Related: Bromeliad Flower Meaning

Uses of Camia Flowers

Camia flowers have multiple uses across different cultures, primarily medicinal. In the Indonesian Maluku Islands, people chew the stem base and apply the bloom’s juices to swelled areas.

Other regions, like Brazil, use the plant’s rhizomes in antirheumatic treatments. The country’s inhabitants also use camia flower’ juice as a tonic.

In India, manufacturers create a concoction from the flower labeled Gulbakawali Ark. The solution mitigates eye cataracts. This Indian natural medicine system is called Ayurvedic. Practitioners use the camia flower for anthelmintic and tranquilizing benefits in this method.

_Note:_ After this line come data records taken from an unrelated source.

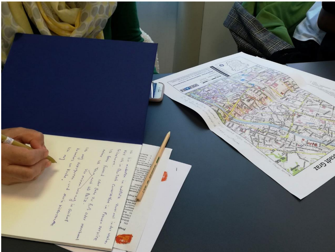
Figure 1. Activity within the Living Lab: Mapping the district.

In doing this, the spatial dimension of their lived citizenship was brought to the fore. Multiple women mentioned the traffic situation, and how they felt discriminated against or even threatened as pedestrians. Furthermore, they articulated a need for safer and more comfortable bus stops: ‘The situation at the many bus stops is totally uncomfortable with all the cars directly there, a very small sidewalk, no shade at all, and then you are standing there with little children.’ (woman MAN, workshop [ws] 2 4 ). In discussing their needs and emotions in connection with certain issues and places in the city, the affective aspects of being a citizen became visible. The women talked about their positive experiences with local NGOs and community centres in the area, where they liked to go to meet new friends, take language or sport classes and participate in dance festivals during summer. The performative dimensions of citizenship were demonstrated through taking ownership of their district, and by creating a public exhibit to reflect their utopias. To illustrate this, one object from the exhibit is depicted here (see Figure 2).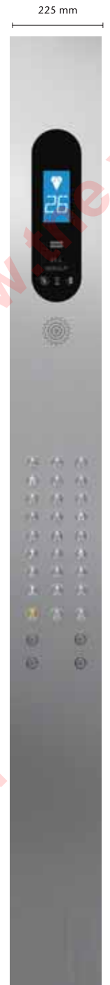
Full height COP Brushed stainless steel faceplate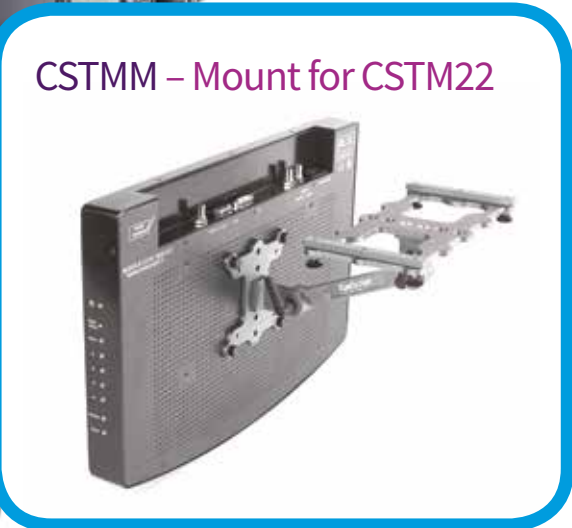
CSTMM – Mount for CSTM22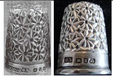
1897/1898 GS RD297020

In other parts of India, particularly tribal groups near Bihar, people extract the plant’s rhizome and use it to treat fevers. Meanwhile, in Bangladesh, some citizens use the roots to alleviate diabetes.

Chinese medicinal applications of camia flowers treat headaches, rheumatism, and inflammatory pains. In Thailand, they boil the flower’s leaves and apply them to sore joints.

Other Uses

Aside from Medicinal use, camia flowers are also present in the culinary field. The flower buds and petals add flavor. Plus, the plants’ roots served as food during times of famine.

Additionally, diverse cultures used camia flowers for decorative purposes. People wrapped the fragrant flora into wreaths and gathered them for bridal bouquets.

The plant serves as a source for paper-making since its stems comprise 45% of cellulose.

Camia Flower Botanical Description

Camia flowers are epiphytic herbs. They grow from one to three stems and hold white-petaled flowers. In its native state, camia flowers can grow up to ten feet tall. On U.S. soil, the plant tends to stop at six feet tall.

The flower features thin, dainty leaves that grow 8 to 24 inches long and 2 to 4 inches wide. The white petals often look like butterflies. The center of the camia flowers has yellow tinges. They grow in clusters reaching approximately 4 to 12 inches.

When blooming time comes, camia flowers blossom for about six weeks between late summer and fall. Botanists and plant owners can cultivate the plant in USDA zones 8 to 10.

The hardy flowers can also withstand zone 7 when protected by a thick layer of mulch during the cold months.

Camia Flowers

How to Grow Camia Flowers

After learning about the flowers’ multiple medicinal and decorative uses, you’ll want to grow a cluster in your garden.

As a tropical plant, the flowers thrive in a humid environment. Additionally, they require well-draining, organic soil.

When picking a spot, choose one that’s partially shaded. If your landscape has a water feature, you can plant the flowers along the edges. Doing this helps mimic how camia flowers grow in the wild too. That’s because they typically sprout alongside waterways.

On the other hand, if you’re growing the plant indoors, be sure to supply it with a holed container. That way, the excess water can escape from under the plant.

We suggest moving the camia flowers indoors when winter rolls around to protect them. Lift the plant from its roots and place it in a container filled with vermiculite or peat moss.

Also Check: Cotton Flower: Symbolism, History, and Characteristics

Occasions to Gift Camia Flowers

Camia flowers make for ideal gifts to friends and family experiencing new beginnings. You can add the delicate blooms to a bouquet of light-colored roses.

They work for several occasions, such as anniversaries, weddings, graduations, and birthdays.

To Conclude

Camia flowers, like several other white blossoms, represent purity and innocence. The meaning stems from the bloom’s colors.

Aside from its meaning, camia flowers have multiple medicinal uses, from treating inflammatory pains to rheumatism.

The good news is that the flower is hardy, making it easy to grow in your garden. It can reach high lengths and provide distinctive refreshing scents to your flower collection.